Apple iLife '11, Single User (Mac)

 

Apple iLife '11, Single User (Mac)

Customer Reviews


OK this software doesn't cost too much so if you're a big user of iMovie and/or Garageband you'll be pretty pleased with the new features I should think. iWeb and iDVD get no new features. However, if you are a big user of iPhoto 09, be prepared to lose a lot of features you may like, or consider downgrading back to iPhoto 09 before the new version touches your photo libraries.
The good things I found out about iPhoto 11 are some neat new slideshows, playing video within the app (and slideshows), smoother book making and it seems quicker to manually assign faces. There may be other improvements I haven't discovered or don't use.
iPhoto '11 loses a lot of things like the ability to view or edit your photos full screen (the new 'full screen' mode is just a sort of iPad interface, not sure why, I'm still using a mouse and a keyboard). There is a lot of wasted space and inflexibility now due to panels being used instead of the old HUD overlay windows for info, effects, etc. It isn't possible, for example, to crop/enhance, etc while also seeing the file information. As soon as you require any info or edit controls you lose about a quarter of a laptop screen. You can only zoom in on your photo when the edit panel is present.
Quickly reviewing photos is harder - you'll need the large info panel open to see any file information because the small panel that used to sit at the bottom of the sidebar is gone. Another change in the sidebar is the missing count of photos in smart albums.
The application is no faster than before (except for the book-making interface, which seems better) and in some areas performance is much worse. Scrolling thumbnails used to be the benchmark for iPhoto but it seems like Apple have just given up and it now jumps jerkily from row to row. If you have inertial scrolling active you're going to get very frustrated. Dragging the scrollbar is even more staggered.
If you use the one-click email feature and your recipients like being able to add your photos quickly to their own library, you may be disappointed with the clumsy new built-in emailing feature. Of course you can drag the photos to the Mail dock icon instead, as long as you are not in full screen mode.
If you are familiar with OS X and rely on UI consistency to work efficiently, expect some surprises. iPhoto uses new non-standard visual candy, much of it inconsistently within the app itself.
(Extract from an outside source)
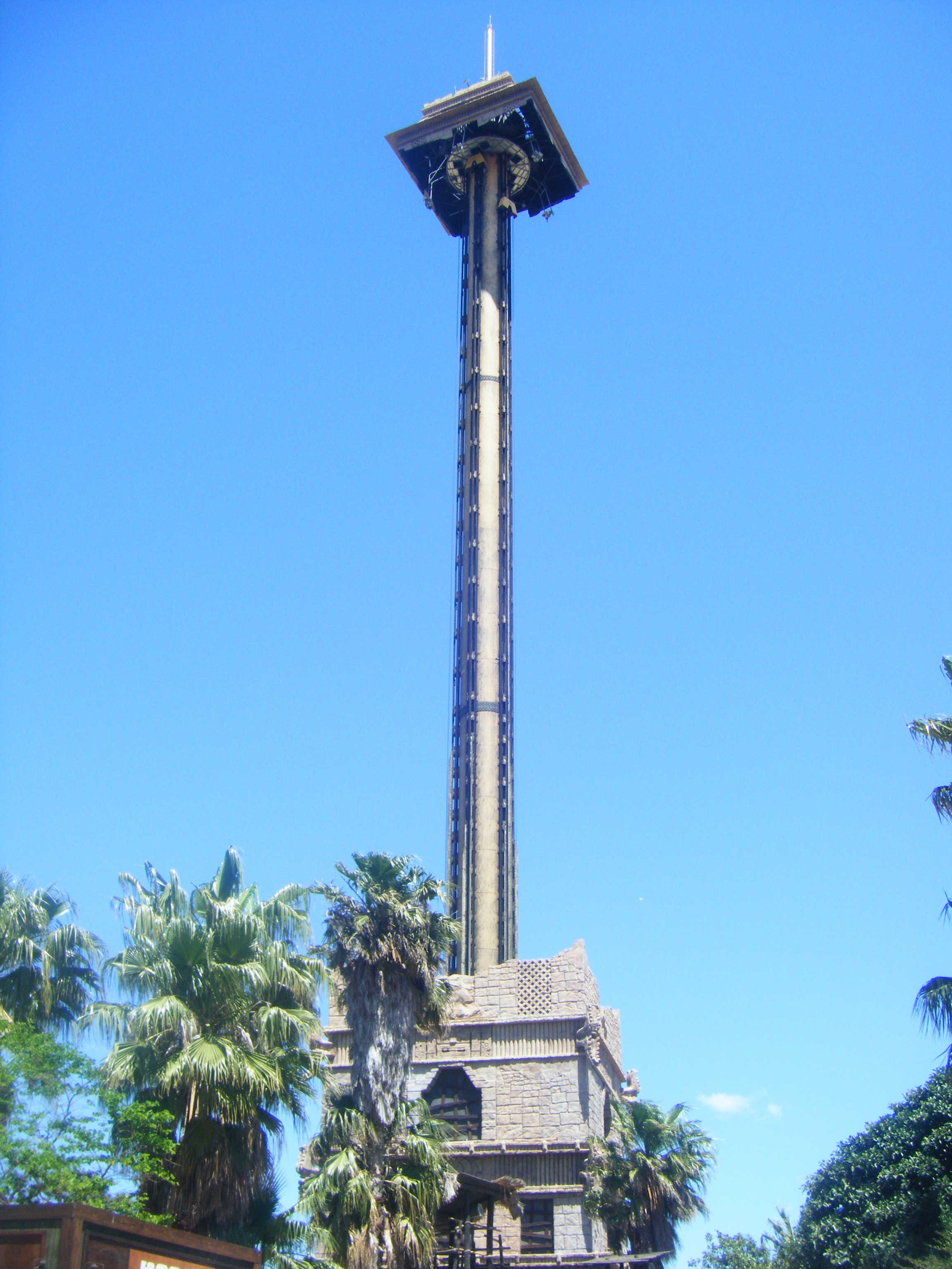 The Hurakan Kondor ride at Port Aventura, Salou, Spain. Riders drop 100m at a speed of up to 73mph.

The contextual menus in particular are odd, but some of them will be good if you are partially sighted or if you are new to OS X.
Conceivably some of these problems (like the can be fixed with patches in the future but it looks like a lot of users will be forced to stick with iPhoto 09 or fork out for Aperture (and expect a bit of a learning curve with that option).
These observations were made on iPhoto '11 (v9.0) on a MBP 2.8 GHz C2D with 4 GB RAM and an 18 GB / 6000 photo library.
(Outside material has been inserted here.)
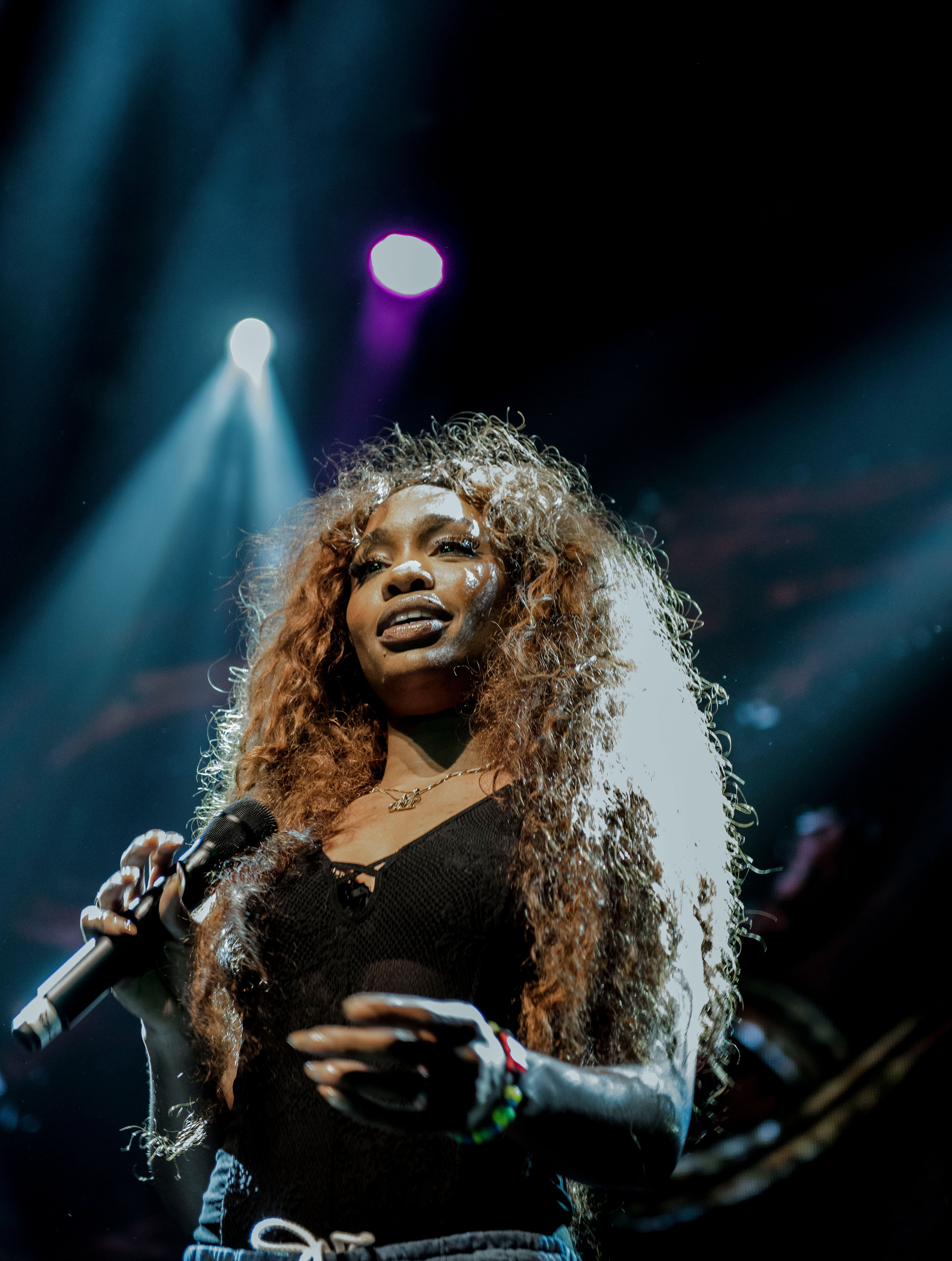 SZA in August 2017

This is an awful product and really should have been given more testing before release. Apple have agreed to refund the purchase price because of the problems I was experiencing, especially with iPhoto '11.
The new iPhoto has some great ideas; unfortunately these appear to have come at the expense of more basic functions. I reported to Apple that when I was typing information, each letter was repeated two or three times or more. I was told by Apple that this was because there was an issue around importing the iPhoto library from previous versions. I followed their instructions and created a new library (which appeared to resolve the problem temporarily) then as I organised the rebuilt library into events, the problem returned.
iPhoto '09 is wonderful. I suggest that you hold fire on iPhoto '11 until Apple have worked some of the bugs out.